3: Limiting cases of the degenerate electron gas

Non-relativistic case: Here we have $v(p)\simeq p/m_e$ and the pressure integral is given by
$\displaystyle P_{e,\mathrm{NR}} = \frac{1}{3}\int_0^{p_\mathrm{F}}\left(\frac{p}{m_e}\right)\times p \times \left(\frac{8\pi p^2}{h^3}\right)dp,\quad p_\mathrm{F}=\left(\frac{3h^3 n_e}{8\pi}\right)^{1/3}.$
Performing the integral we find
$\displaystyle P_{e,\mathrm{NR}}=\frac{1}{3}\left(\frac{8\pi}{h^3 m_e}\right)\frac{p_F^5}{5},$
which after substituting $n_e=p/(\mu_e m_\mathrm{u})$ gives the expected result.
Extremely-relativistic case: Procedure is the same but with $v(p)=c$:
$\displaystyle P_{e,\mathrm{NR}} = \frac{1}{3}\int_0^{p_\mathrm{F}}c\times p \times \left(\frac{8\pi p^2}{h^3}\right)dp.$
Performing the integral we find
$\displaystyle P_{e,\mathrm{NR}}=\frac{1}{3}\left(\frac{8\pi c}{h^3}\right)\frac{p_F^4}{4},$
which after substituting $n_e=p/(\mu_e m_\mathrm{u})$ gives the expected result.

4: Neutron star versus white dwarf radii

Using the relationship between pressure and density, $r_n$ can be expressed for the white dwarf case as

\[r_{n,WD}^2=Cm_e^{-1}\mu_e^{-5/3}\rho_c^{-1/3},\]

where $C$ contains factors that are common for the neutron star and white dwarf case.

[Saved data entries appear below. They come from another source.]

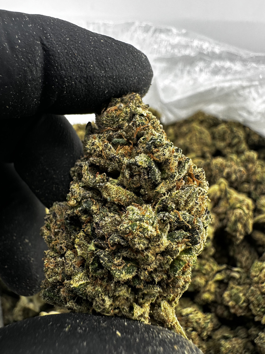 The nugs are dense and sticky, breaking up fresh with that satisfying snap. Dark green buds are accented by subtle purple hints and wrapped in thick orange hairs, giving it that rugged, classic gas strain look that seasoned smokers appreciate.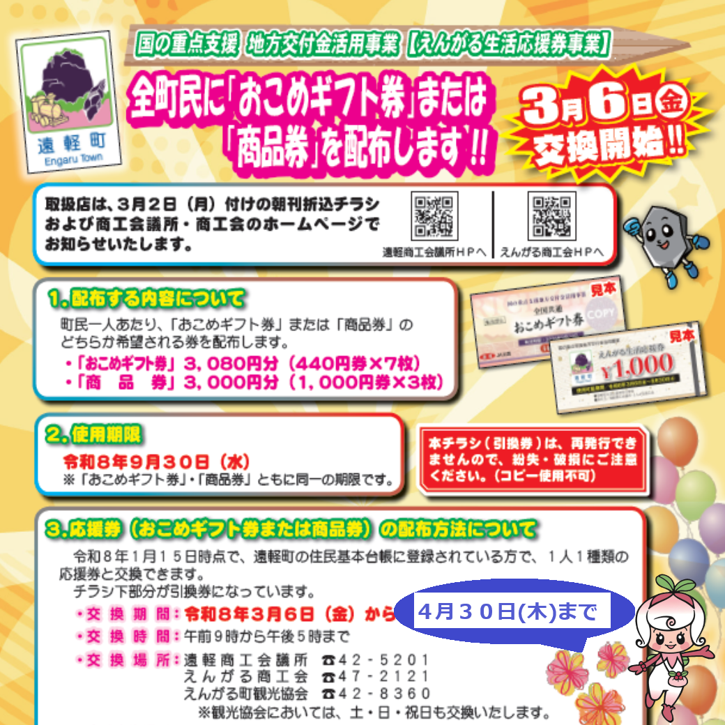 えんがる生活応援券の引換期間を延長します!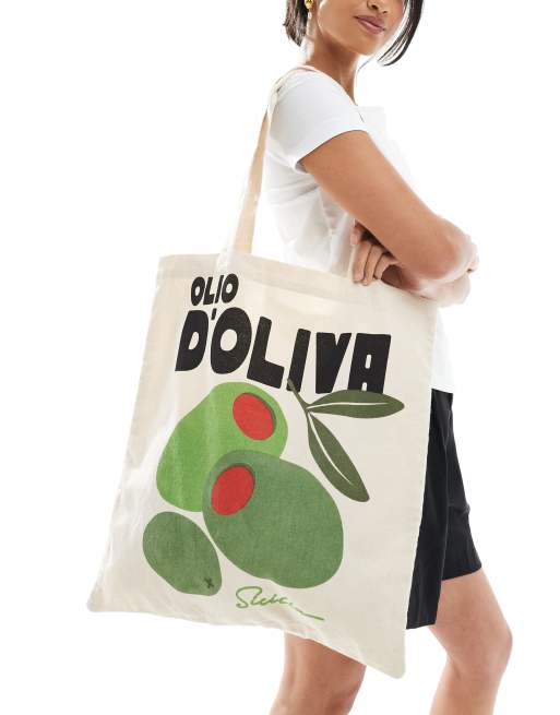 New Look canvas tote bag in olive print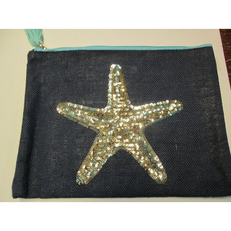 Mud Pie "Beach Life" and Starfish Sequin Design Jute Zip Cases, Set of 2, NWT

The central density can be replaced using the expression for the mass,

\[r_{n,WD}^2=Bm_e^{-1}\mu_e^{-5/3}\left(\frac{M}{r_{n,WD}^3}\right)^{-1/3}\]

\[r_{n,WD} =B m_e^{-1}\mu_e^{-5/3} M^{-1/3},\]

were $B$ is another constant with terms common to both cases. Similarly for the neutron star case we obtain

\[r_{n,NS} =B m_n^{-1} M^{-1/3}.\]

As the radius of the polytrope is $R=r_n z_n$, and $z_n$ is the same for both cases, we find that the ratio of radii at fixed mass is:

\[\frac{R_{NS}}{R_{WD}}=\frac{m_e}{m_n}\mu_e^{5/3}\sim 0.002.\]

Neutron stars are then expected to be far smaller than white dwarfs. For reference, white dwarfs are expected to have radii on the order of $\sim 5000\;\mathrm{[km]}$, meaning we would expect neutron stars of about $10$ kilometers. This is only about three times the Schwarzschild radius for one solar mass!